Segment Start: INFORMATION SHOWN
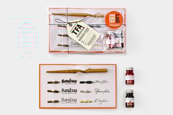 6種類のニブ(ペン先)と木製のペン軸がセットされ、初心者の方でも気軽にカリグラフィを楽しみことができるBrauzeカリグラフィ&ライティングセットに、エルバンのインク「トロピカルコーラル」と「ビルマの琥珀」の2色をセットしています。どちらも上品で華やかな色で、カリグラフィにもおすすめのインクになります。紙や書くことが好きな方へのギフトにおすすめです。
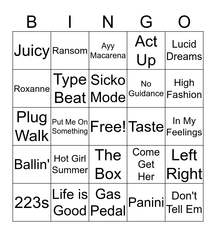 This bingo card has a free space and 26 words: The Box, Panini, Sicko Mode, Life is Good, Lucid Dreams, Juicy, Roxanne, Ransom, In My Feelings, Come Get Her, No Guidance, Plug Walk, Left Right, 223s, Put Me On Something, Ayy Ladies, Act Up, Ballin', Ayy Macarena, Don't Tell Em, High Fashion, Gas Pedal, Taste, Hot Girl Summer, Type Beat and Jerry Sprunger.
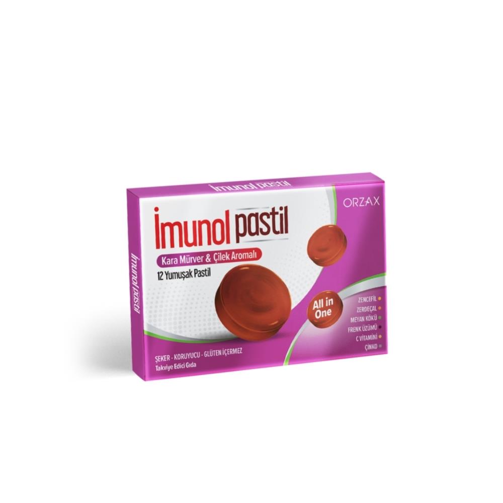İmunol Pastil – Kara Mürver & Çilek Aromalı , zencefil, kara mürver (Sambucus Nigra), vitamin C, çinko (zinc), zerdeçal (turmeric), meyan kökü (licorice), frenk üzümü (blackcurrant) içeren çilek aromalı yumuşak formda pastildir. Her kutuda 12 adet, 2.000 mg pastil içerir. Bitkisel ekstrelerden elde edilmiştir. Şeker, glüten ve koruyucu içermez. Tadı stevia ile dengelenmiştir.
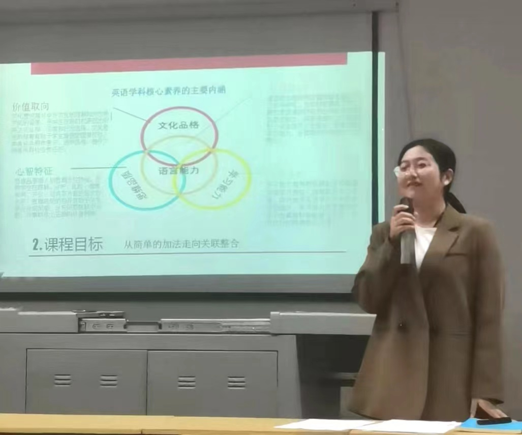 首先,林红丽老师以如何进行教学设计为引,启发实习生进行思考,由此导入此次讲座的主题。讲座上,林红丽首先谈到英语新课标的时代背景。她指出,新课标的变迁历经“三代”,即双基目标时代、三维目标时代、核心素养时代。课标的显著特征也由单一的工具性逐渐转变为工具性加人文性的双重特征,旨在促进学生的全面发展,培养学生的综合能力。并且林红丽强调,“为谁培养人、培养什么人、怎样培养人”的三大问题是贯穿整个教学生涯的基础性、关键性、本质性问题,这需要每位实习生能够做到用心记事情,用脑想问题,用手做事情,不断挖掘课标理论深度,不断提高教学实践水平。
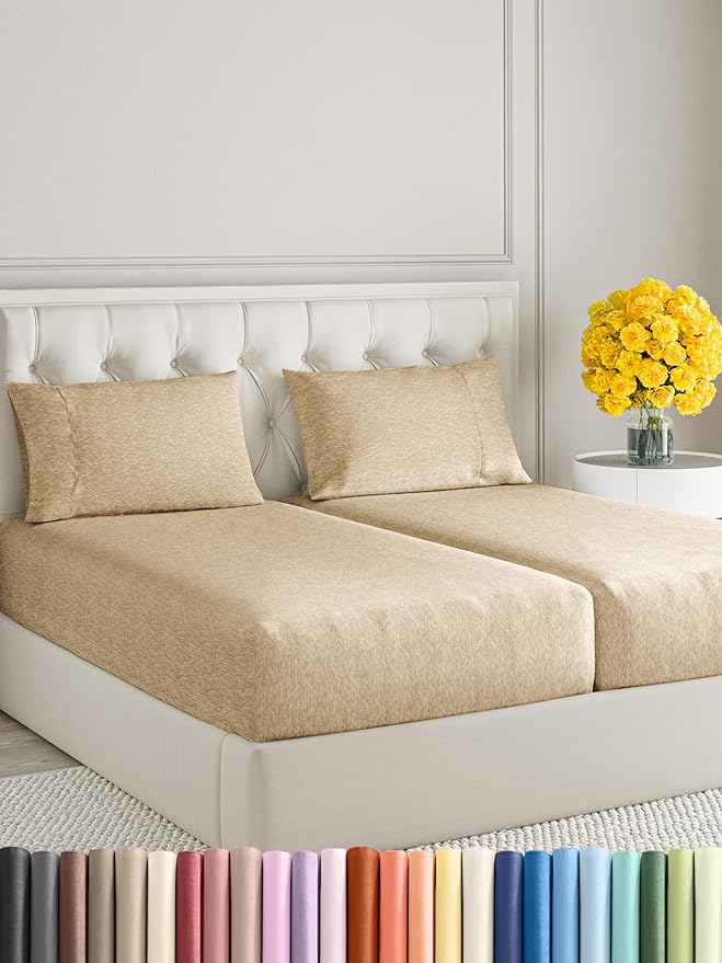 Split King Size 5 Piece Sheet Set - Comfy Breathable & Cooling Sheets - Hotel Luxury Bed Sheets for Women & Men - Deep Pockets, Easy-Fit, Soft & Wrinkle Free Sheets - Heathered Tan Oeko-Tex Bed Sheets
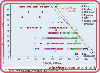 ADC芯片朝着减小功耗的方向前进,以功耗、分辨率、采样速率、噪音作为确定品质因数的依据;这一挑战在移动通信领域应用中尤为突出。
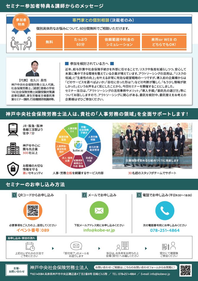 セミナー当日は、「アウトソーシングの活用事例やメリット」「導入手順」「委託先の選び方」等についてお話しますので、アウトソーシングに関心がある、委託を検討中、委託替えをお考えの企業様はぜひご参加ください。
Segment End: INFORMATION SHOWN
Segment Start: INFORMATION SHOWN
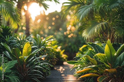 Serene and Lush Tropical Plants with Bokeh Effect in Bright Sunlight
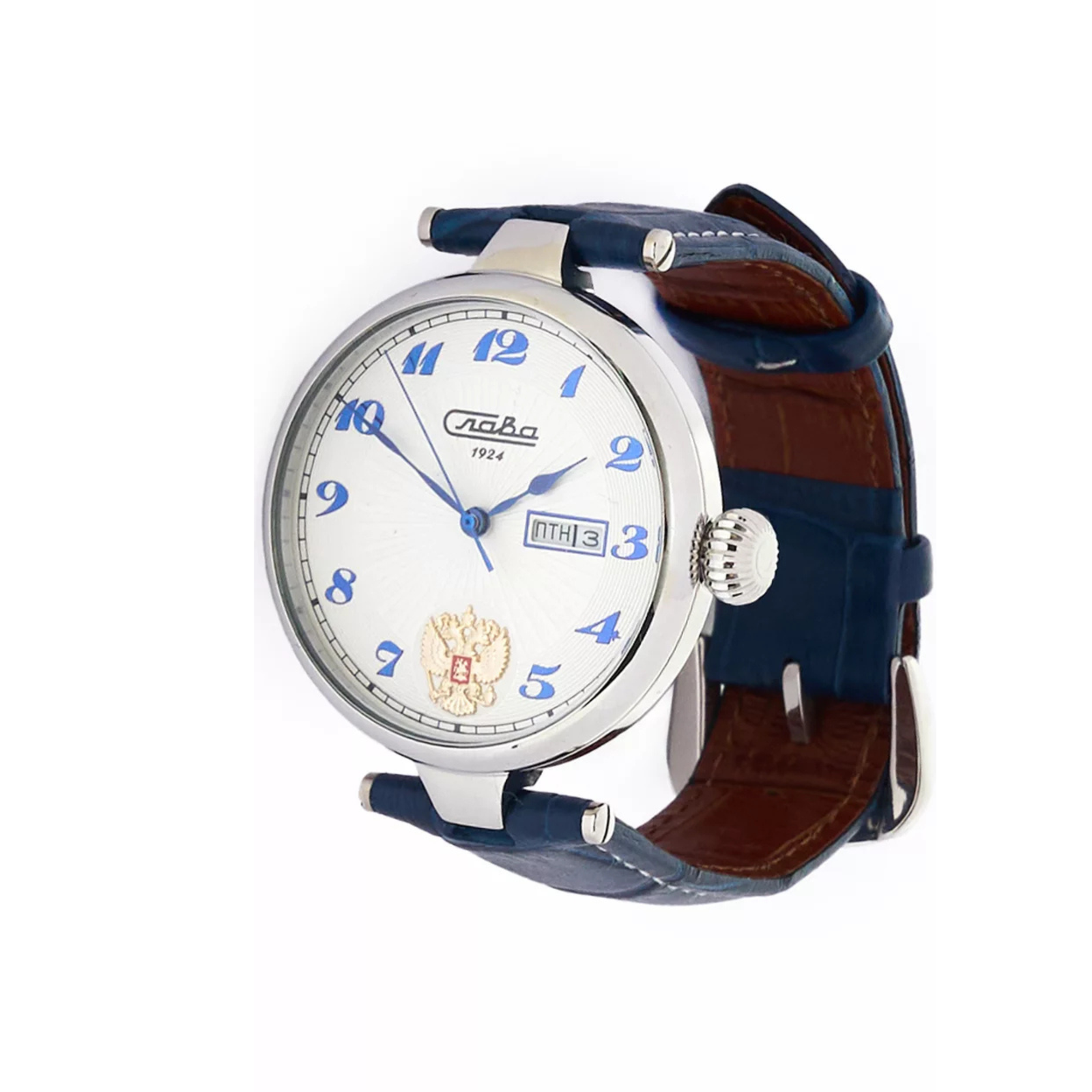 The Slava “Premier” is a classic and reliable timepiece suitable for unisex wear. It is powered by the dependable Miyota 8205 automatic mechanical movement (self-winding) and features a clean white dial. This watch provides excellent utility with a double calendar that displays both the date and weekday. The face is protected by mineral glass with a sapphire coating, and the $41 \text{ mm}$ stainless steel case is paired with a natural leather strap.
Segment End: INFORMATION SHOWN
§ TASK DESCRIPTION: Could you write out exactly the lines of the data above that run from the one holding "ADC芯片朝着减小功耗的方向" to the one holding "セミナー当日は、「アウトソー", with both ends in and all pictures out?

§ RESULT OF THIS EXERCISE:
 ADC芯片朝着减小功耗的方向前进,以功耗、分辨率、采样速率、噪音作为确定品质因数的依据;这一挑战在移动通信领域应用中尤为突出。
 セミナー当日は、「アウトソーシングの活用事例やメリット」「導入手順」「委託先の選び方」等についてお話しますので、アウトソーシングに関心がある、委託を検討中、委託替えをお考えの企業様はぜひご参加ください。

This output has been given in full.